Start of DATA EXTRACT
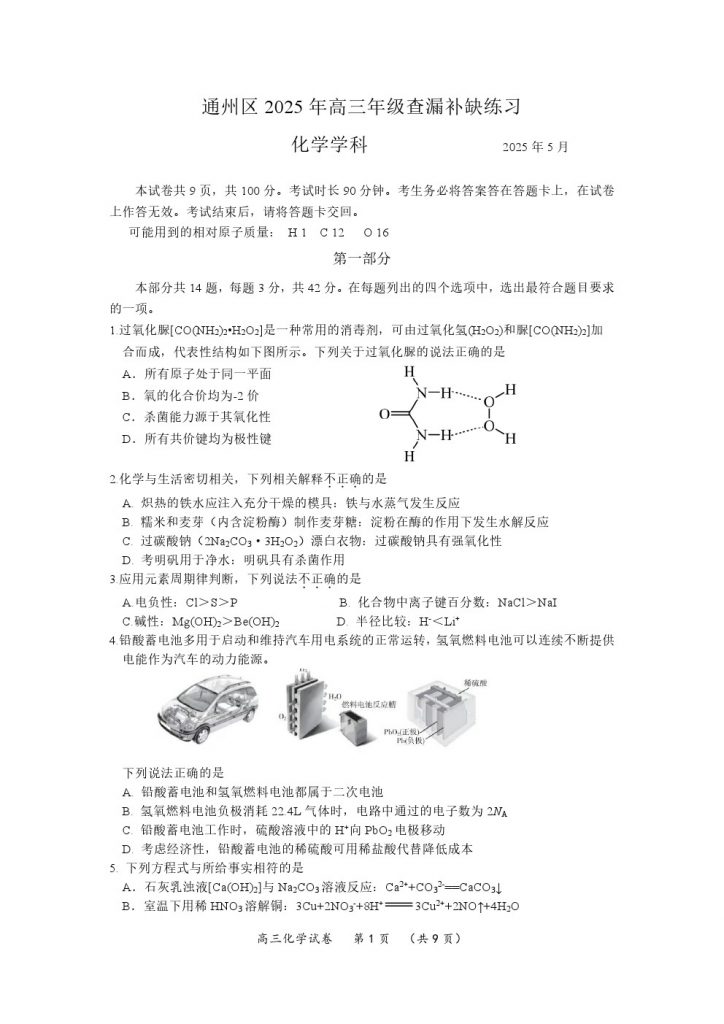 北京部分中学近期陆续进行了高三三模考试,北达高考复读学校整理了2025北京通州高三三模化学试题及答案,供考生下载练习。
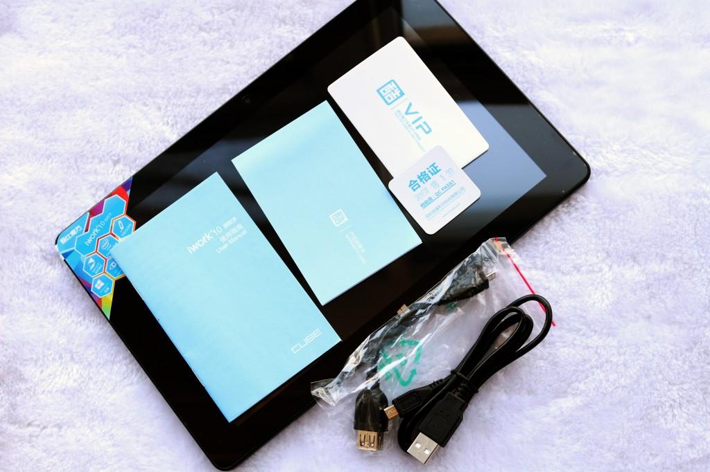 平板包装内除了有主机之外还赠送了一条micro USB的数据线,另外还有保修卡、使用指南、会员卡、合格证等纸片说明。iwork10旗舰本设计有USB3.0接口,不过USB3.0的传输线需要用户另行购买,假如能随机配备一条就更好了。
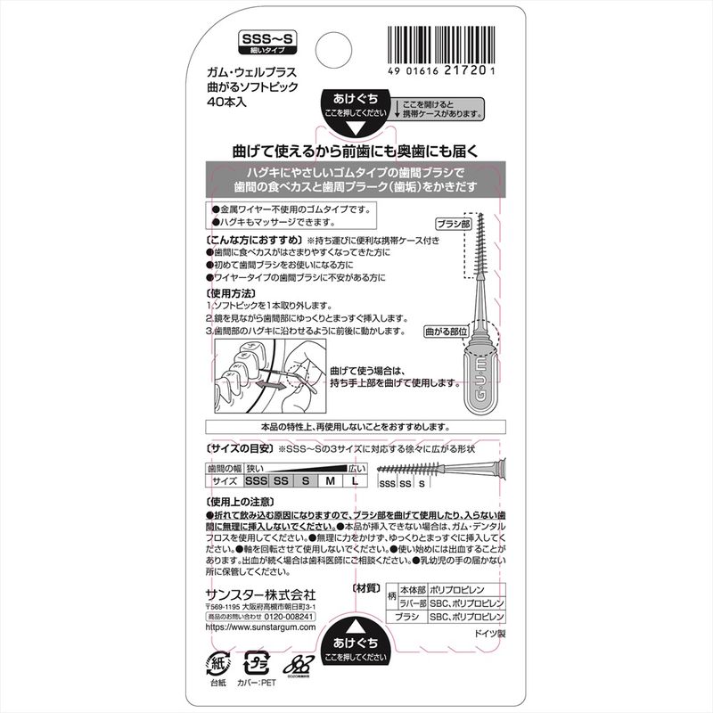 ハグキにやさしいゴムタイプの歯間ブラシです。細めの[SSS]サイズ
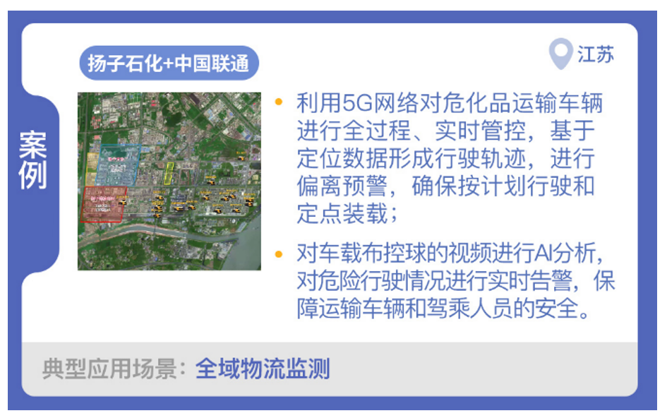 中國(guó)石化揚(yáng)子石油化工有限公司與中國(guó)聯(lián)通合作,開(kāi)展了“5G+安全石化”項(xiàng)目建設(shè),實(shí)現(xiàn)了全域物流監(jiān)測(cè)場(chǎng)景的應(yīng)用。利用5G+北斗技術(shù),實(shí)現(xiàn)生產(chǎn)區(qū)內(nèi)危化品車輛的高精度定位,并實(shí)時(shí)傳輸至危化品運(yùn)輸管控平臺(tái)。平臺(tái)對(duì)進(jìn)入揚(yáng)子生產(chǎn)區(qū)的危化品車輛進(jìn)行全過(guò)程、實(shí)時(shí)管控,基于定位數(shù)據(jù)形成行駛軌跡,進(jìn)行偏離預(yù)警,有效保證危化品車輛按照規(guī)定路線行駛和在規(guī)定地點(diǎn)裝載。通過(guò)5G網(wǎng)絡(luò)將車載布控球拍攝的視頻傳輸至邊緣云平臺(tái)進(jìn)行人工智能(AI)分析,對(duì)危化品車輛危險(xiǎn)行駛、路中障礙、前車距離過(guò)近等進(jìn)行實(shí)時(shí)告警,有效保障了運(yùn)輸車輛和駕乘人員的安全。
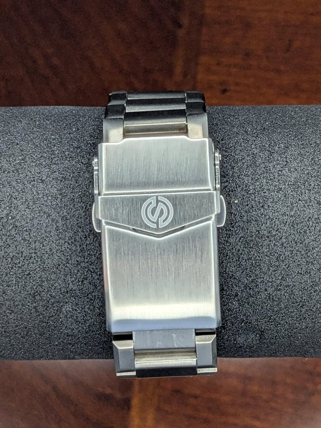 Got this awesome Signum Cuda right here on WatchExchange, and never wore it. Neither did the last guy, who bought it in April of this year. As pristine a watch as you are going to find. SPECS: Lume: SuperLuminova dial Day Sky dial. The date wheel is also lumed. Case: 42.5mm Gr. 2 Titanium case with hardness and scratch resistant coating, case-back is steel Bracelet: Gr. 2 Titanium (not coated) with screwed links and solid Titanium end link, quick release pins for easy bracelet removal. Clasp: Solid milled Stainless Steel clasp with 5 mini adjustment holes with scratch resistant coating Lug To Lug - 49.9mm Lug Width - 22mm Case Thickness - 13.4mm Case Material: Gr.2 Titanium, case-back is steel Movement: Automatic NH34 GMT (custom Lume date disc at 6) Crystal: Domed Sapphire Crystal Hands: BGW9 Blue SuperLuminova Hour/Minute hands and markers Bezel: Ceramic Bezel unidirectional 120 click with BGW9 Blue Lume Water Resistance: 20ATM/200m Looking for $300 shipped! Based in CONUS - reach out with any questions!
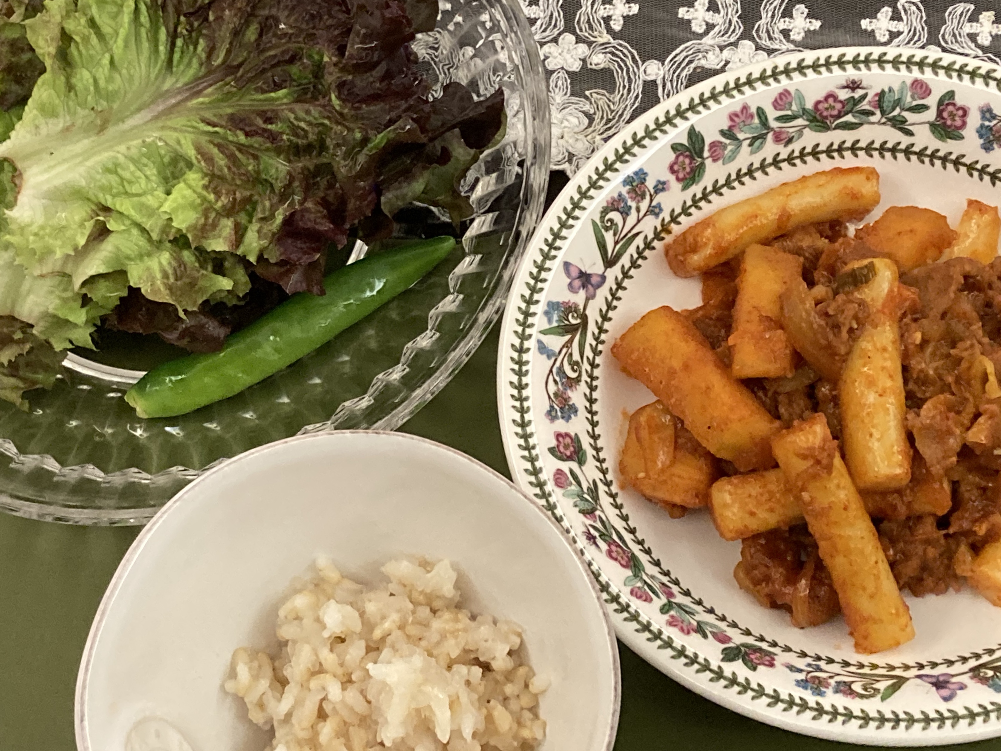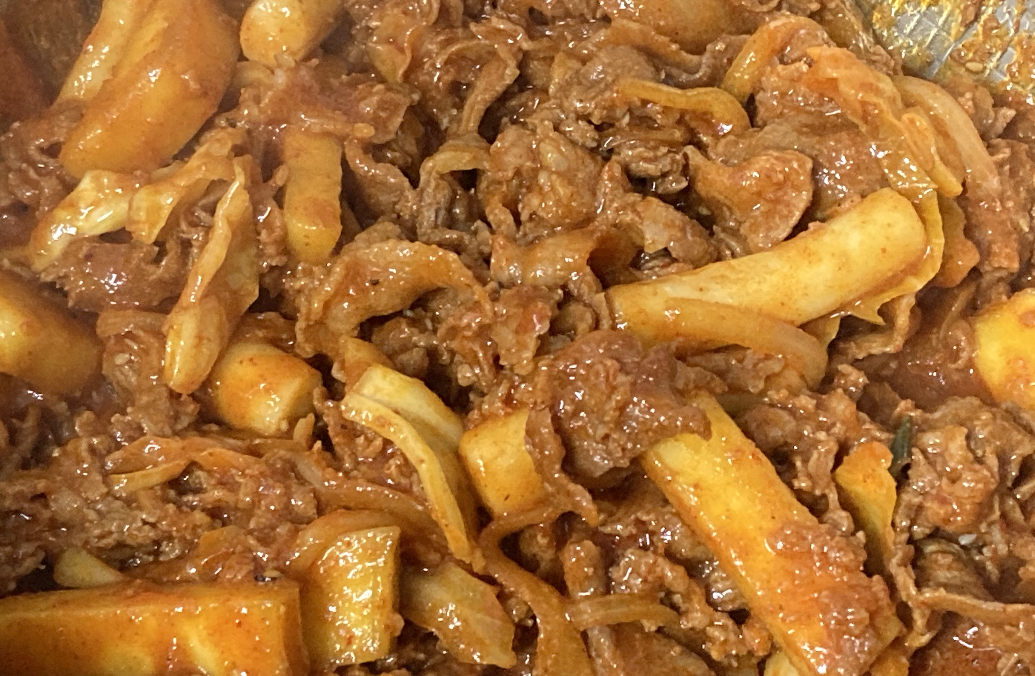 제육볶음에 고구마, 양배추, 양파, 떡 이것저것 넣었다.
End of DATA EXTRACT
**YOUR INSTRUCTIONS**
Without the pictures, write out the lines from the beginning of the entries through the line with "ハグキにやさしいゴムタイプの歯間ブラシです。細めの[SSS]サイズ".

**RESULT OF THE TASK**
 北京部分中学近期陆续进行了高三三模考试,北达高考复读学校整理了2025北京通州高三三模化学试题及答案,供考生下载练习。
 平板包装内除了有主机之外还赠送了一条micro USB的数据线,另外还有保修卡、使用指南、会员卡、合格证等纸片说明。iwork10旗舰本设计有USB3.0接口,不过USB3.0的传输线需要用户另行购买,假如能随机配备一条就更好了。
 ハグキにやさしいゴムタイプの歯間ブラシです。細めの[SSS]サイズ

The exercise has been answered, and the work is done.